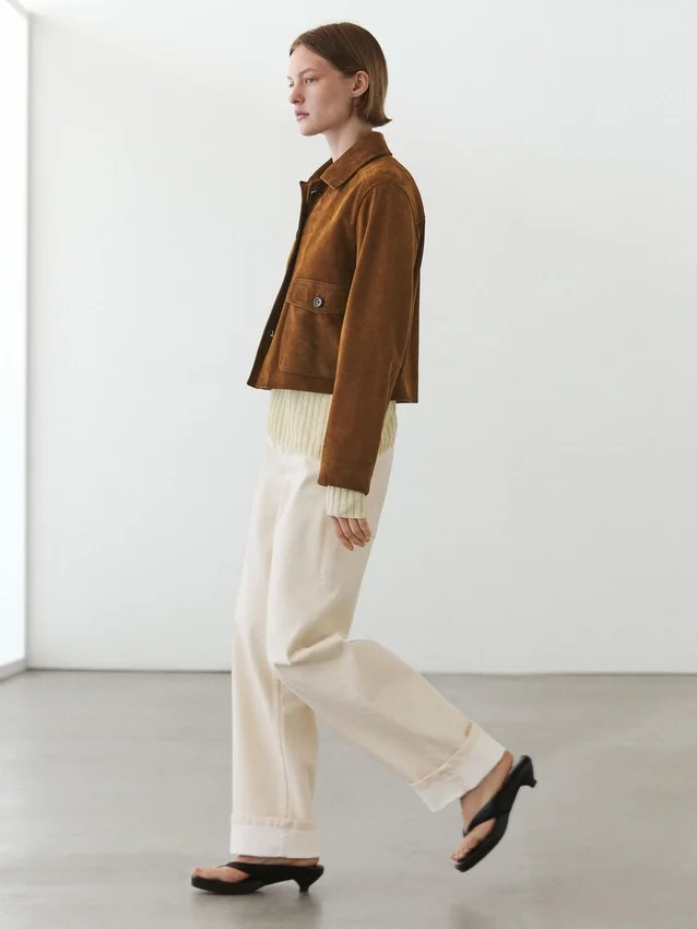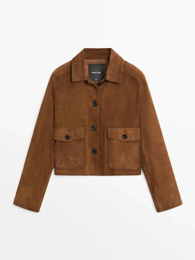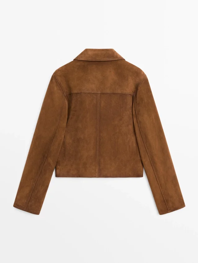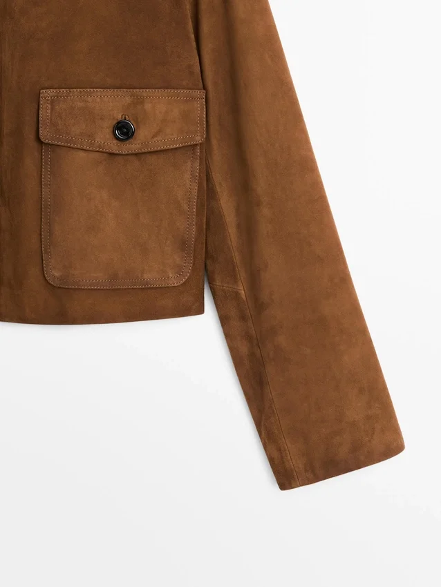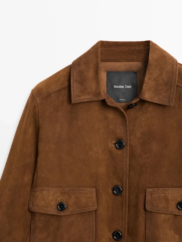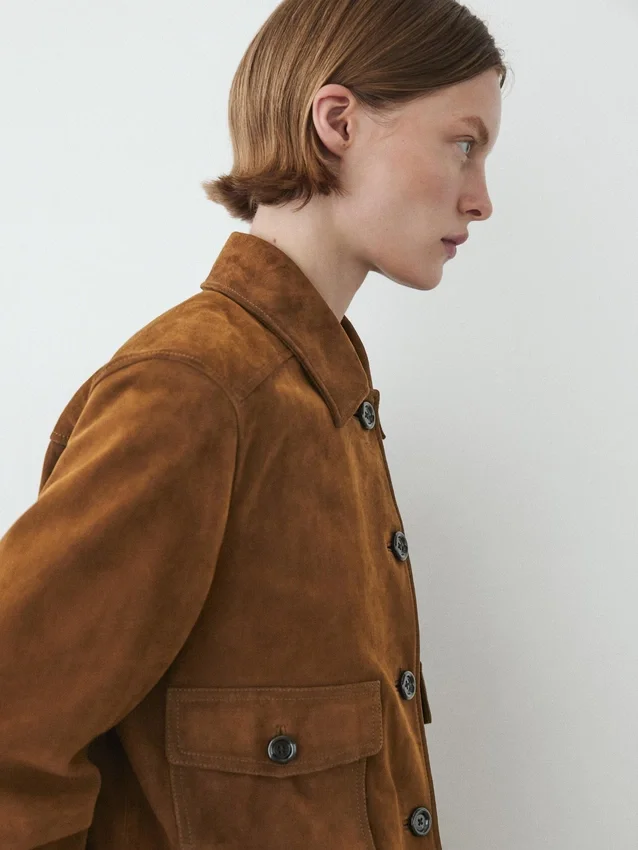 Giacca in pelle di capra con finitura scamosciata. Colletto a camicia. Chiusura frontale con bottoni. Due tasche applicate con patta abbottonata.
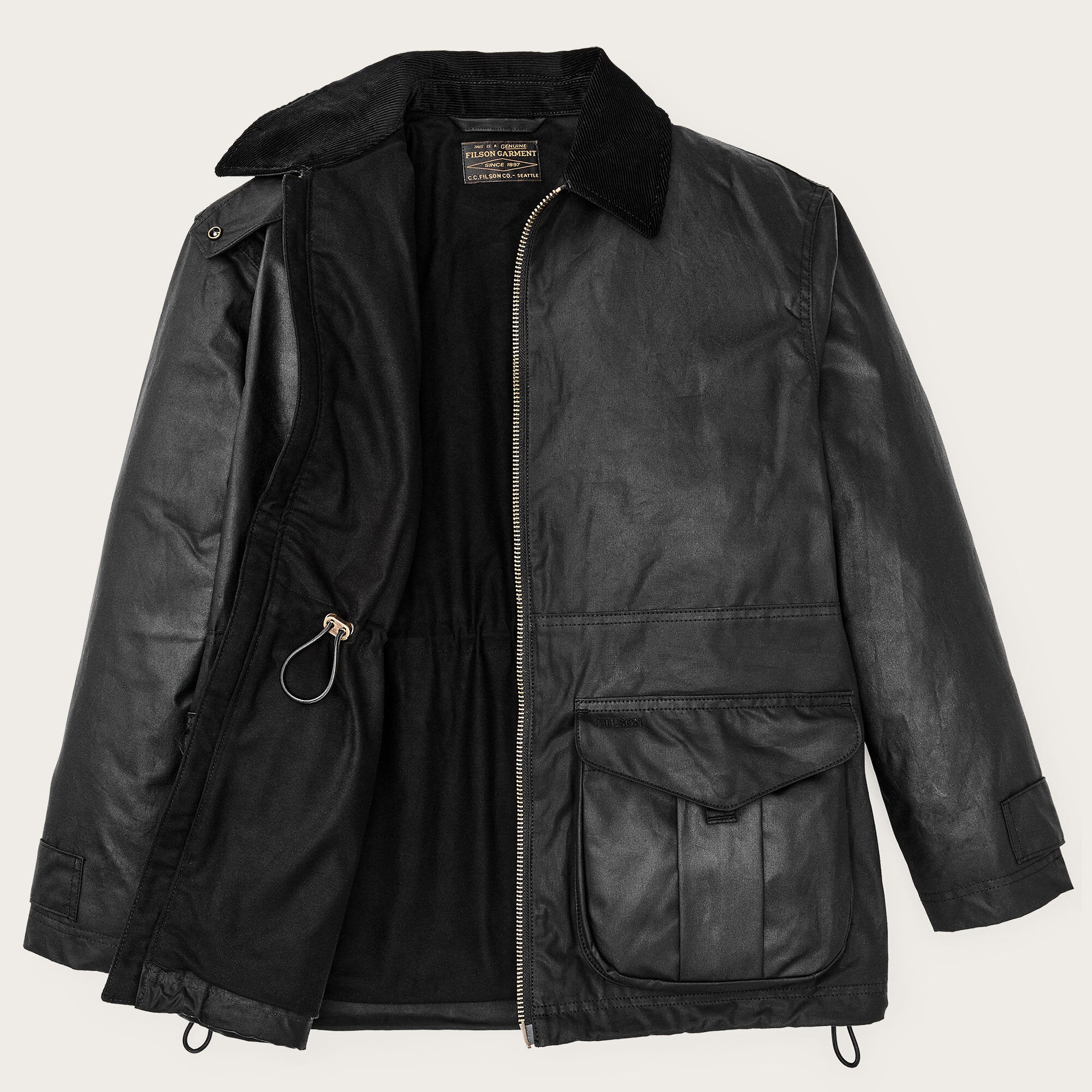 Ne pas laver ou nettoyer à sec - brosser ou essuyer avec un chiffon humide. Appliquer une nouvelle couche de cire si nécessaire pour maintenir une résistance maximale à l’eau. Pour éviter le transfert de l’huile, nous recommandons d’éviter tout contact prolongé entre les articles Filson à finition huilée et les tissus de couleur claire, en particulier par temps chaud.
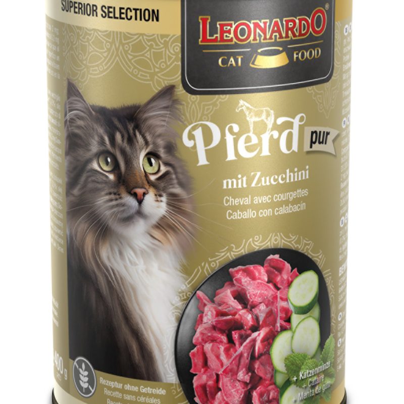 Leonardo natvoer Paard met courgette brengt uw viervoeters in beweging: veel hoogwaardig paardenvlees zorgt voor een heel bijzondere smaakbeleving in het voerbakje. Vooral voedingsgevoelige katten zijn dol op dit uiterst verteerbare menu. Sterke vleesbouillon en courgette zorgen voor een malse, sappige bite. De toegevoegde zalmolie met zijn meervoudig onverzadigde vetzuren geeft de vacht een zijdeachtige glans. Dit recept is zonder granen en suiker en heeft 1 dierlijke eiwitbron. Om het extra lekker te maken is er kattenkruid aan toegevoegd.
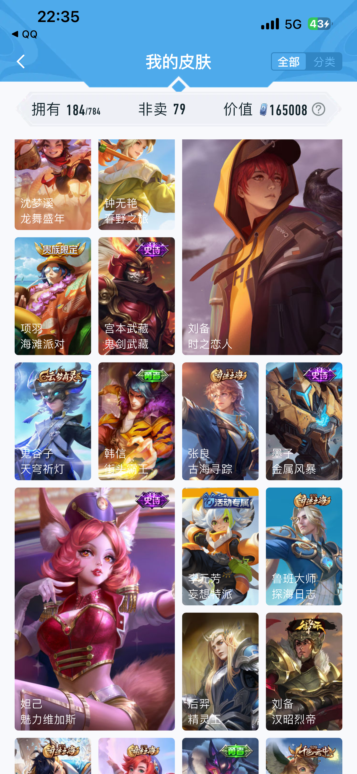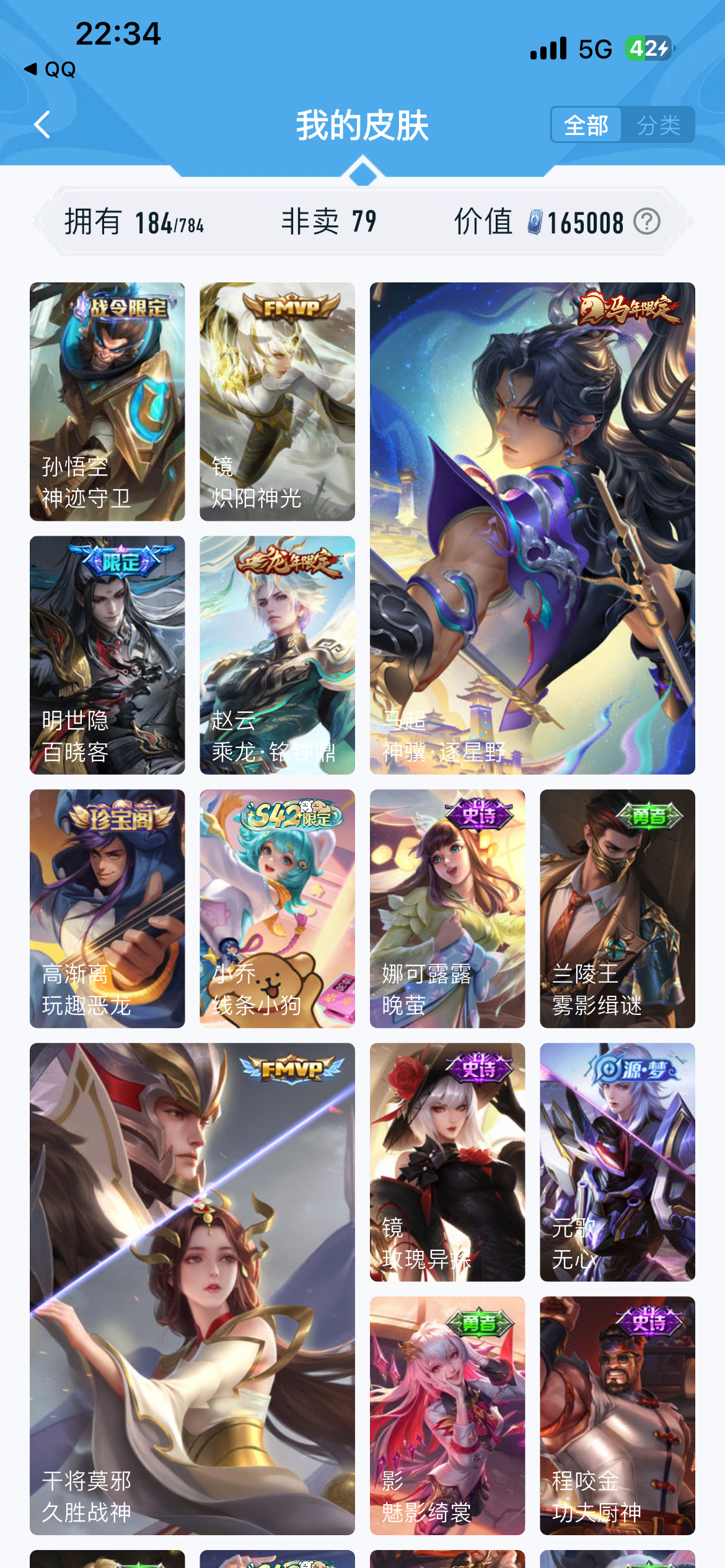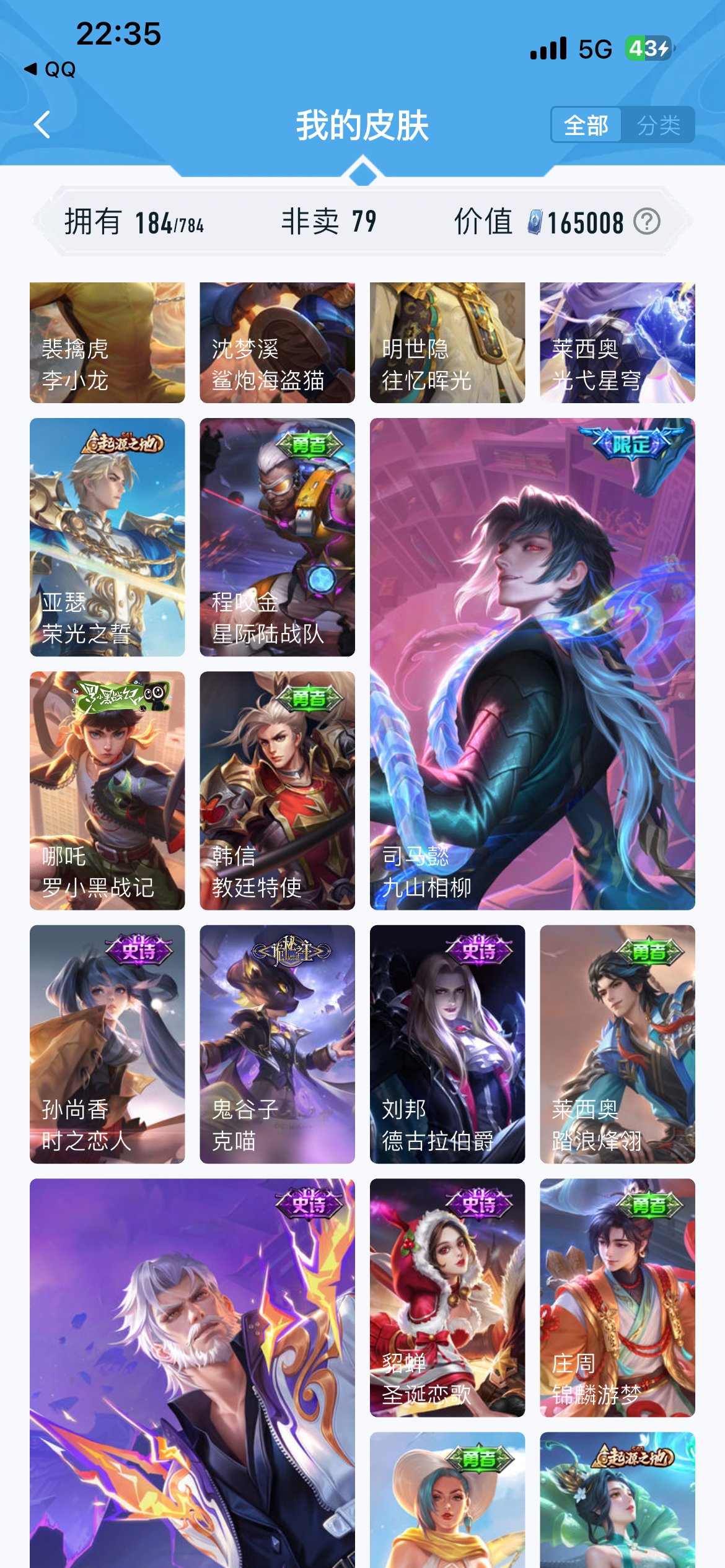 V7 皮肤184 英雄126 至尊星耀 荣耀典藏2 传说12 其他皮肤177

WHAT YOU HAVE TO DO
Print, exactly as written, the lines from the one containing "Ne pas laver" to the end of the material, both ends included, and nothing else; no pictures.

SOLUTION TO THIS TASK
 Ne pas laver ou nettoyer à sec - brosser ou essuyer avec un chiffon humide. Appliquer une nouvelle couche de cire si nécessaire pour maintenir une résistance maximale à l’eau. Pour éviter le transfert de l’huile, nous recommandons d’éviter tout contact prolongé entre les articles Filson à finition huilée et les tissus de couleur claire, en particulier par temps chaud.
 Leonardo natvoer Paard met courgette brengt uw viervoeters in beweging: veel hoogwaardig paardenvlees zorgt voor een heel bijzondere smaakbeleving in het voerbakje. Vooral voedingsgevoelige katten zijn dol op dit uiterst verteerbare menu. Sterke vleesbouillon en courgette zorgen voor een malse, sappige bite. De toegevoegde zalmolie met zijn meervoudig onverzadigde vetzuren geeft de vacht een zijdeachtige glans. Dit recept is zonder granen en suiker en heeft 1 dierlijke eiwitbron. Om het extra lekker te maken is er kattenkruid aan toegevoegd.
 V7 皮肤184 英雄126 至尊星耀 荣耀典藏2 传说12 其他皮肤177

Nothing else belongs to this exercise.